Burnaby had surgery to remove his kidney, and while we waited for the results of the biopsies, we had to tube feed him and give him medications for pain and nausea. He rallied for a few days, but then I noticed his breathing was gradually becoming faster and shallower. I was afraid fluid was bulding up around his lungs. He quit purring, and became less responsive to my petting. Finding out he had FIP was not much of a surprise. Now, I have to tell you, Robert was out of town. Burnaby had let me know he was ready to go. Waiting for three more days would have been a selfish serving of our own interests over his. I called my good friend Maura to tell her what was going on, and she asked, “Do you want me to come over?” I hesitated - how could you ask a friend to go through something like this? - and said yes.

She came to the vet with me, and we both stood and petted Burnaby while we waited for them to be ready for us. She stood and petted Burnaby with me as he passed peacefully into heaven, and she stood and cried with me and petted Burnaby afterward. Then she came home with me, bought groceries for me, made me meals, and stayed with me until Robert got home. Her care and friendship, and her husband’s willingness to have her stay with me during this wrenching time, are the first part of the gift.
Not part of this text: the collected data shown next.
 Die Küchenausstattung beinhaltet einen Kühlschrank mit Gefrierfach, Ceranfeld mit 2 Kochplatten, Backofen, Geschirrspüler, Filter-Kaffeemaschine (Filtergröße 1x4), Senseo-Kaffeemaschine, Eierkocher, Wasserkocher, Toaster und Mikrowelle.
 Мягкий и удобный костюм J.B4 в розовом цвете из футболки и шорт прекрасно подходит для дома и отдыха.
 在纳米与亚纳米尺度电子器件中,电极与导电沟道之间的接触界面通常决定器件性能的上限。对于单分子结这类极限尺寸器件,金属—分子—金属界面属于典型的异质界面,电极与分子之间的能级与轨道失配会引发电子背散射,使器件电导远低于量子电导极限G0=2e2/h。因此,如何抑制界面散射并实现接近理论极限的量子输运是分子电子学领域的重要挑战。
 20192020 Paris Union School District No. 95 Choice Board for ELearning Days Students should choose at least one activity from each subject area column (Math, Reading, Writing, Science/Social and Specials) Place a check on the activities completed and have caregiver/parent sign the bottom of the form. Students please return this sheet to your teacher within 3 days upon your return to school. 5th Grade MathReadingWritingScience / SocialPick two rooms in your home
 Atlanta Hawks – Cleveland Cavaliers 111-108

Oh, yeah, I forgot to mention that, a few days after we got the initial diagnosis on Burnaby, my full-time salaried job was turned into a half-time hourly job with zero benefits. So the vet bills we had just amassed added up to 5 months’ salary at my current rate. I was grieving over the job, too, because I love what I do.
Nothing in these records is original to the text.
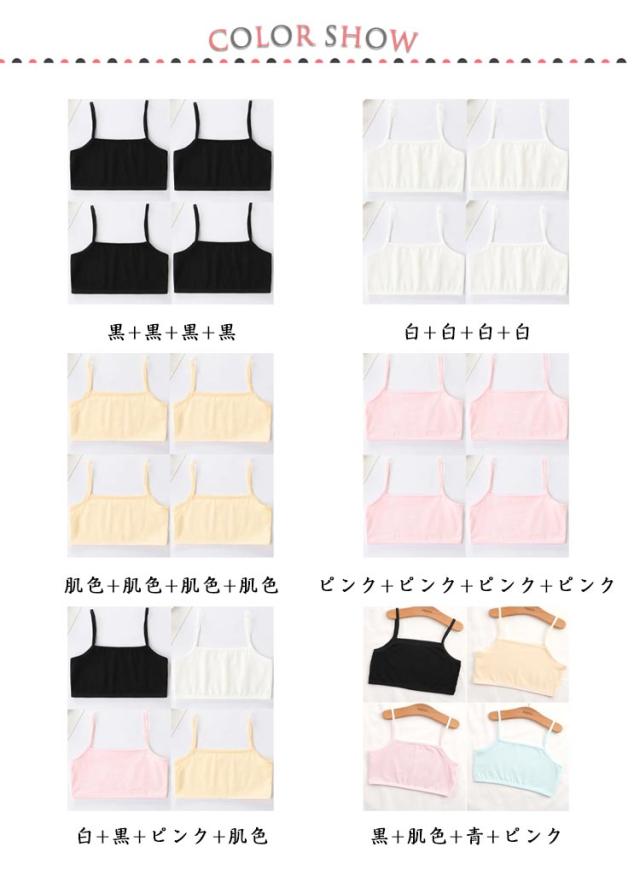 ハーフトップ キャミソール 子供服 中学生 無地 下着 キッズ ヒップホップ 小学生 4枚セット ダンス衣装 女の子 ジュニア インナー チューブトップ 女児 アンダーウェア ブラトップ キッズ ホワイト ブラック
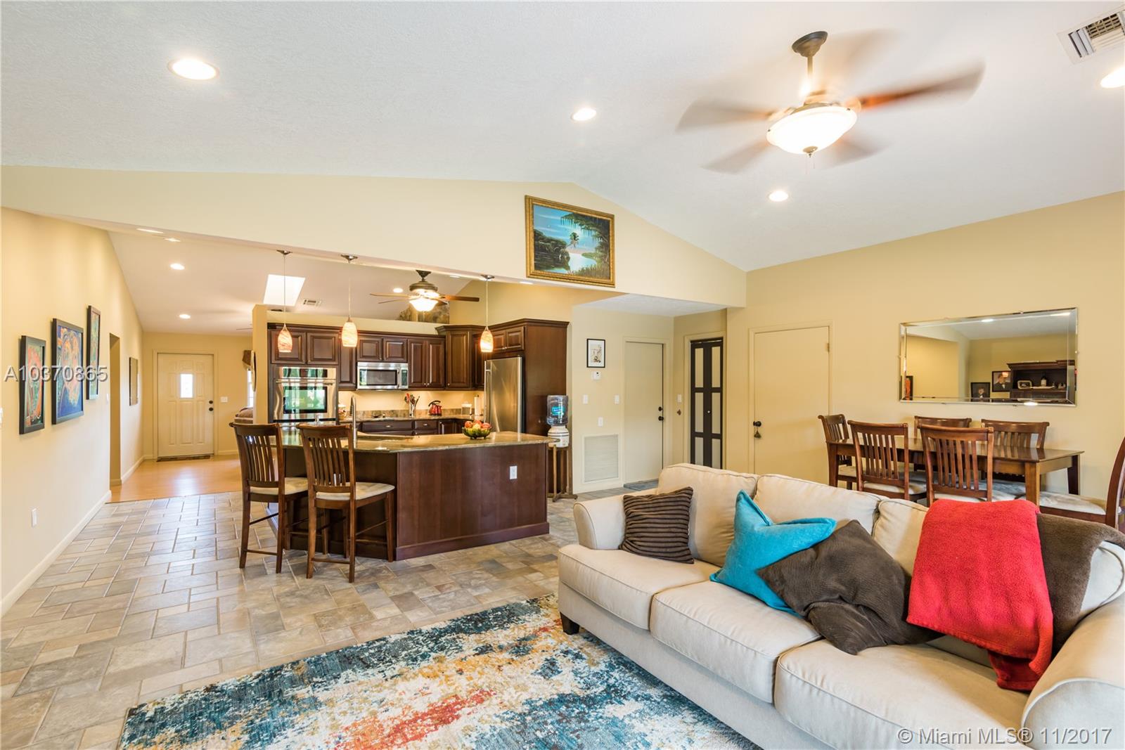 BEAUTIFUL 3 BED 2 BATH 1 CAR GARAGE LAKEFRONT HOME IN SOUTHWEST RANCHES, LOCATED ON A DEAD END STREET. THE HOME SITS ON A 36,205 SQFT LOT OFFERING PLENTY OF ROOM TO ADD ON TO THE HOUSE OR JUST SIMPLY ENJOY THE COUNTRY LIFESTYLE. THE HOME FEATURES AN OPEN LAYOUT LIVING AREA WITH A NEWLY UPDATED EAT-IN KITCHEN, TILE THROUGHOUT THE LIVING AREAS, LAUNDRY ROOM, NEWER ROOF AND AC UNIT. WALK OUT TO A BEAUTIFUL COVERED PATIO OVERLOOKING THE WATERFALL POOL AND LUSH LANDSCAPE INCLUDING FRUIT TREES. COUNTRY LIVING AT ITS BEST WITH NO HOA OR RESTRICTIONS, ROOM FOR YOUR RV AND BOAT. A+++ SCHOOLS
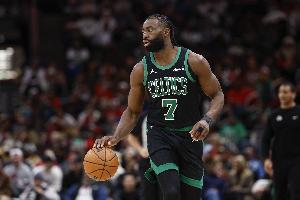 上半场,凯尔特人球星杰伦-布朗稳定发挥,打了18分钟11投6中,三分3中0、罚球4中3拿到15分4篮板2助攻1抢断,正负值+15。
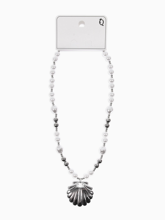 Кулон на жемчужных бусах "Ракушка", цвет белый в серебре

I had been keeping Burnaby’s breeder apprised of his condition via email because I knew she would be interested, so of course I let her know when and why we had to have him put to sleep. She was horrified to hear what had happened. I got another email from her as I sat on the couch while Maura puttered in the kitchen. Did I mention Maura is a marvelous cook? Anyhow, it turns out Patti, the breeder, offered us a seven-month-old Norwegian Forest cat that she had just had neutered, if we would pay for the neutering. Now, we’re talking rare purebred kittens that go for $800-$1200. I hesitated because, at that time, I didn’t have even the $125. So Maura and Stu offered to pay for the kitten.
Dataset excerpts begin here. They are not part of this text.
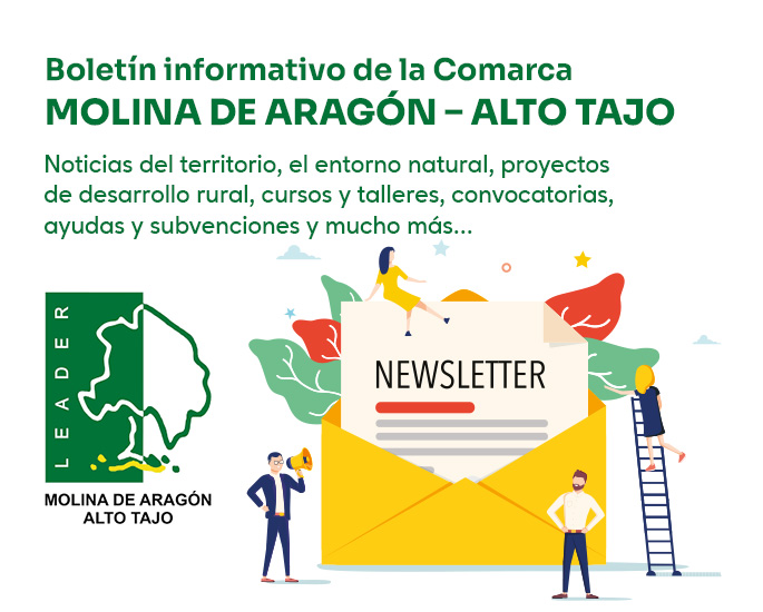 Si quieres recibir directamente en tu correo electrónico nuestras noticias, convocatorias, ayudas y actividades, suscríbete a nuestro boletín informativo y forma parte activa de la comarca Molina de Aragón – Alto Tajo.
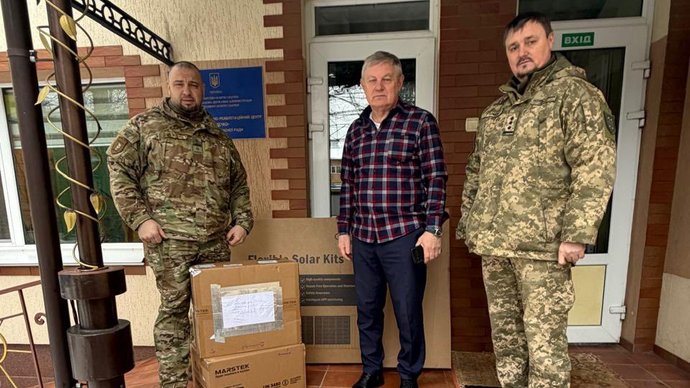 У лютому передали комплект обладнання: інвертор з акумулятором, сонячні панелі, а також електрообігрівач.
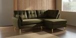7.3.1 Buy Wilson Buttoned Back Medium Corner Chaise - Right Hand Cotswold Chenille Dark Green Metal Tapered - Gold from the Seasons online shop Click here to use our website with more accessibility support, for example screen readers
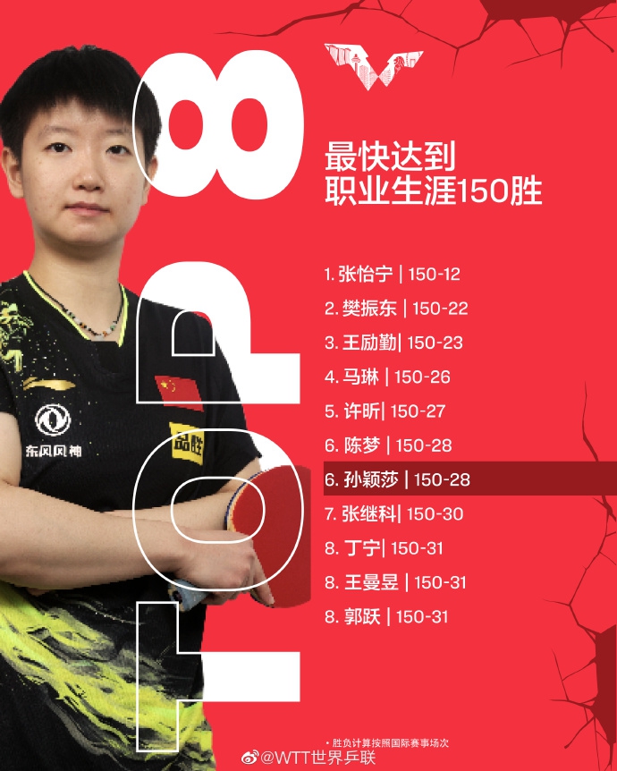 16日,WTT世界乒联官方社交媒体发文祝贺中国选手孙颖莎,“恭喜孙颖莎成为最快达到职业生涯150胜历史第六位。”

At this point, having pretty much figured that nothing good would ever happen to us again, I had what Maura poetically terms a “come-apart.” I was crying harder than I had cried at any time during those last awful weeks, and laughing at the same time. Maura and I went to see Patti that evening, and came home with Cooper, a little red and white cat with a ready purr and the biggest puffy tail you ever saw. He is named for his godmother, Maura Cooper, my Jewish mother. Her love is the gift that has brought my heart back from darkness.